Features can be studied and analysed together as a whole or in isolation. The process works directly with the problem proposed at the start of the data project.
For example, a weather prediction system will look at how different variables interacted to produce any given weather event. These can be analysed to discover how strong or weak they were as a predictor of the event.
Once the data has been visualised and explored, machine learning modelling can begin to take place.
For example, a data project aiming to predict an extreme weather event will need to take into account the variables that combined in order to create that event, measuring their development throughout time. A predictive model will be able to predict the progression of the sequence that precedes the extreme weather event taking place. This is more clearly related to science in its involvement of query, hypothesis and theory.
Data scientists working with models will also need to understand common modelling problems such as data leakage and overfitting.
The sample data used to build and train models will need to be heavily scrutinised and models will need to be tested and re-tested on different samples before they are exposed to new data in the real world.
What About Data Analysts?
Data analysts could be considered the third broad type of data practitioner. Data analysts tend to work very closely with clients and their strategies and will have an in-depth knowledge of the business or project itself. It’s a broad remit that covers elements of data science but less so engineering, and requires more mathematical or statistical skills and fewer programming skills.

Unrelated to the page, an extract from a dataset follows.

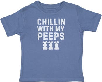 The Chillin With My Peeps Easter Short Sleeve T-Shirt is a fun and festive t-shirt for kids celebrating Easter!

Data analysis skills are required for both data engineers and data scientists as there will be numerous opportunities to pull up information about data, making informed decisions about what aspects to tune, explore, optimise, etc.
Data engineers primarily work with data infrastructure and architecture closer to the bottom line, or data source, whilst data scientists primarily work with analysis and modelling closer to a scientific hypothesis.
Data engineers and data scientists work in collaboration. Of course, it may be the case that one individual performs the roles of both the data engineer and data scientist, and this is probably the most common set up on small to medium-sized data projects.
As projects grow, niche specialisms may become increasingly in-demand and in the case of AI and machine learning, a new set of specialisms open.